### WORK INSTRUCTION
With the pictures set aside, write out all of the data exactly as it stands.

### EXCERPTED RECORDS

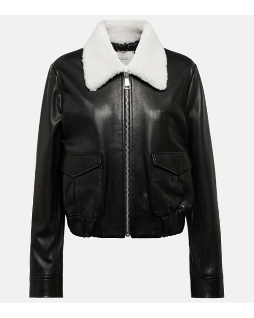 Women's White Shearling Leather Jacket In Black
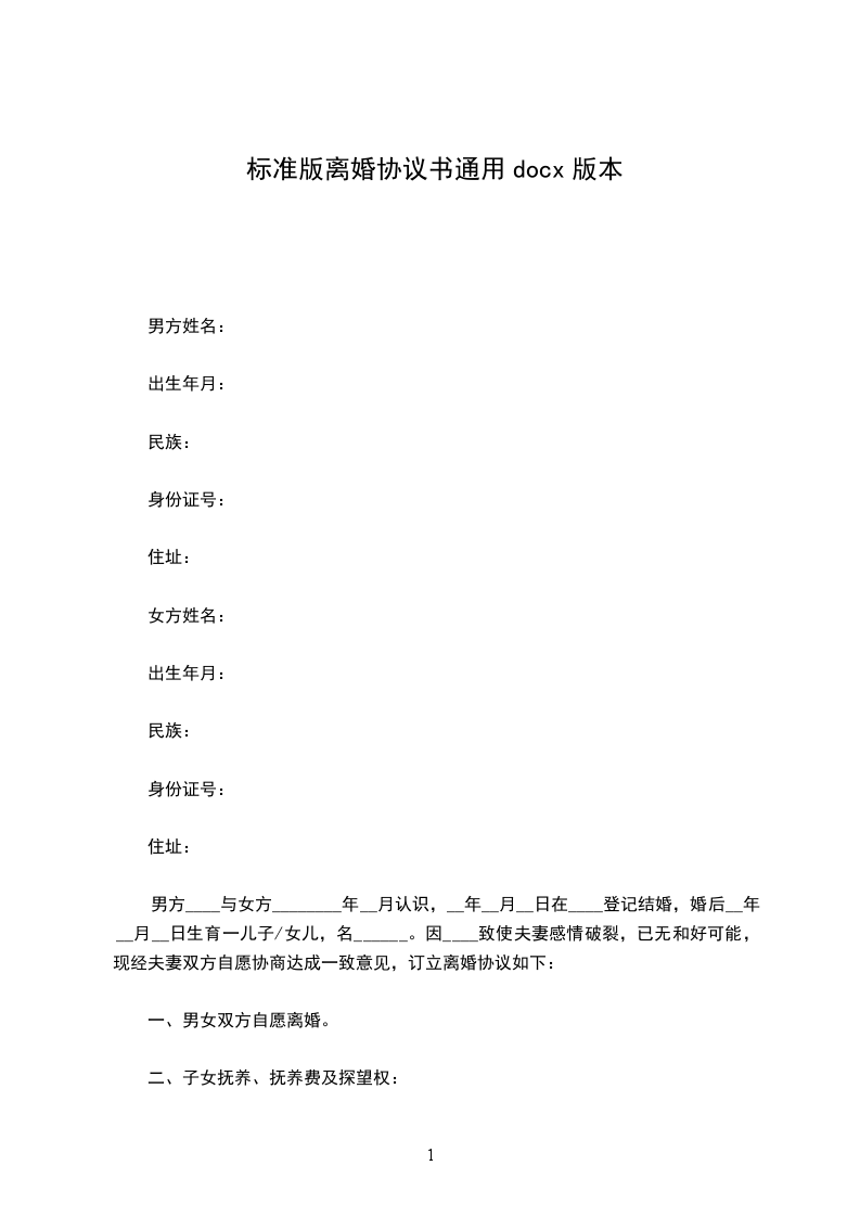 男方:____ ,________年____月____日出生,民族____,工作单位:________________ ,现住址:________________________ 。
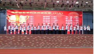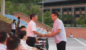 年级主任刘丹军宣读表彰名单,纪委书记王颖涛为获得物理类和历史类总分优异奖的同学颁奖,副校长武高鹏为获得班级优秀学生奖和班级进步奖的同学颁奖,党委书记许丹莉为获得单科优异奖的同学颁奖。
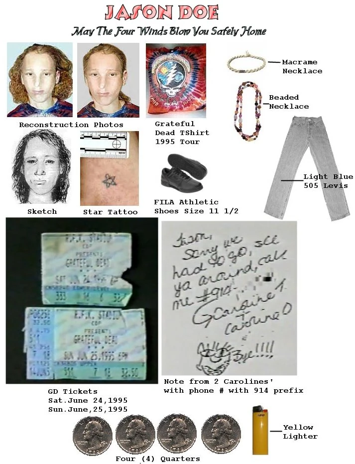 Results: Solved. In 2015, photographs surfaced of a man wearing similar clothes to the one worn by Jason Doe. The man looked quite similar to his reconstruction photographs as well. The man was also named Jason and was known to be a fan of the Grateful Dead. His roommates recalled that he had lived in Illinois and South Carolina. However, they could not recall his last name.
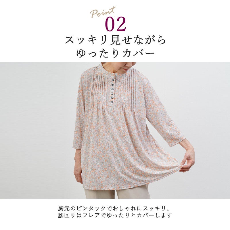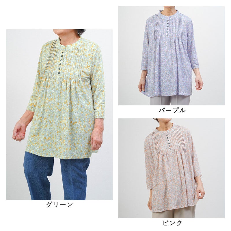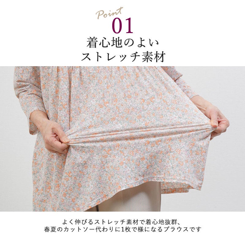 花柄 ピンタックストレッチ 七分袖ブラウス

### EXERCISE SOLUTION
 Women's White Shearling Leather Jacket In Black
 男方:____ ,________年____月____日出生,民族____,工作单位:________________ ,现住址:________________________ 。
 年级主任刘丹军宣读表彰名单,纪委书记王颖涛为获得物理类和历史类总分优异奖的同学颁奖,副校长武高鹏为获得班级优秀学生奖和班级进步奖的同学颁奖,党委书记许丹莉为获得单科优异奖的同学颁奖。
 Results: Solved. In 2015, photographs surfaced of a man wearing similar clothes to the one worn by Jason Doe. The man looked quite similar to his reconstruction photographs as well. The man was also named Jason and was known to be a fan of the Grateful Dead. His roommates recalled that he had lived in Illinois and South Carolina. However, they could not recall his last name.
 花柄 ピンタックストレッチ 七分袖ブラウス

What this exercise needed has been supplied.